Sources on all sides of the Government concede that Varadkar’s intervention caught them off-guard and created a significant political problem, revealing substantial differences at the heart of government about one of its most important policy areas.

Some sources suggest that the Fine Gael leader's comments stemmed from a growing frustration at how Government business was being managed at the centre, though it is hard to escape the conclusion that he was making things worse for the Government by speaking in public.

Differences in coalition governments happen all the time, but differences between the principals are usually kept behind closed doors.

Some of this, no doubt, is down to teething problems as the three parties settle down a try to establish a shared modus operandi.

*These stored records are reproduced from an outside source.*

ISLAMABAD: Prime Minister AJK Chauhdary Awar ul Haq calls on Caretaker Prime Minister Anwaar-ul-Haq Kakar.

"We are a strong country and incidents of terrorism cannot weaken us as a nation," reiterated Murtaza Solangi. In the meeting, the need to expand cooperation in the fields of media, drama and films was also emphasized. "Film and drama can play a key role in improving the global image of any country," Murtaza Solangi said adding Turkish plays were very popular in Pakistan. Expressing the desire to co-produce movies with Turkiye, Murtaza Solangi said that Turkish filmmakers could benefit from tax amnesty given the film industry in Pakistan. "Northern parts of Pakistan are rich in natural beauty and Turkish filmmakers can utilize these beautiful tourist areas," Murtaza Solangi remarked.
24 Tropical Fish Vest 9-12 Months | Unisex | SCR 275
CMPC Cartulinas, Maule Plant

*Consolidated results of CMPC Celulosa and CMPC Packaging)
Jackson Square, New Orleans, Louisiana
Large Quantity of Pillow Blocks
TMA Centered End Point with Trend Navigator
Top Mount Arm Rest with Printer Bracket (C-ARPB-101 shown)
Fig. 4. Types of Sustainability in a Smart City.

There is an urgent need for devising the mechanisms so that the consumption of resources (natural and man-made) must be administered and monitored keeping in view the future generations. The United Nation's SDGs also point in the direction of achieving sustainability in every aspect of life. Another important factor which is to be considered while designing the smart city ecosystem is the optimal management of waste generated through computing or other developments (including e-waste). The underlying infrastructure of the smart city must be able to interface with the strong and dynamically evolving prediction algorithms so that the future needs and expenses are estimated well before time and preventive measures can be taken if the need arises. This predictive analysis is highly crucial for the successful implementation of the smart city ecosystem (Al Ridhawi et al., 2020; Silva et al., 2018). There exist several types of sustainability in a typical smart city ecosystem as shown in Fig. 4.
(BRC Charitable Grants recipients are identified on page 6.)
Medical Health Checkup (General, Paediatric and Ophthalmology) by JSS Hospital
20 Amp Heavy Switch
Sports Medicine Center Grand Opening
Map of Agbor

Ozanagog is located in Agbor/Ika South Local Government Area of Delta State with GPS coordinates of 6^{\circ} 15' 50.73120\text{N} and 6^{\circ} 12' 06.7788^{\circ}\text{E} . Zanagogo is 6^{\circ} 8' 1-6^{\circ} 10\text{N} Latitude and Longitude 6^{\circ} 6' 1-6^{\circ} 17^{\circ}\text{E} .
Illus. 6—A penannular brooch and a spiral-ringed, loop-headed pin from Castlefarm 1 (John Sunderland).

If you talk to any Fianna Fáiler for long they start to give out about Fine Gael Ministers, insisting that they have left a mess in their wake and don't accept Fianna Fáil is leading the Government.

But talk to Fine Gaelers and after a semi-decent interval, they will begin to give out about Fianna Fail – claiming they haven’t a clue what they’re doing and are hopelessly unprepared.

Fine Gaelers bitch about Micheál Martin (“He seems very weak”), Fianna Fáil about Varadkar (“Leo’s behaviour has been out of order”).

Old enemies

All this is to be expected. It was always going to take some time for the two old enemies to figure out how they were going to live with one another. But this Government might not have the luxury of taking its time with the process.

A number of official and political sources have privately expressed alarm about the lack of a strong, united and proactive centre that sets and enforces the shared agenda of the three coalition parties.

“Personal relations are very good, but there isn’t yet a coherent centre,” one Minister concedes.

Another senior official finds the stumbling at the centre of government “fascinating and disturbing”, while yet a nother source worries that “people are not talking to one another”.

The party leaders and senior Ministers, says another senior official, “need to get their s**t together.”

Faced with a potential second wave of the pandemic signalled by the recent growth in infections, the launch of a stimulus plan on Thursday, and the defining question of whether it can open schools in five weeks, the fledgling coalition is fast running out of time to ease itself into the job.

It needs to quickly start doing both politics and government rather better than it has so far, or the circumstances it faces will tear it apart.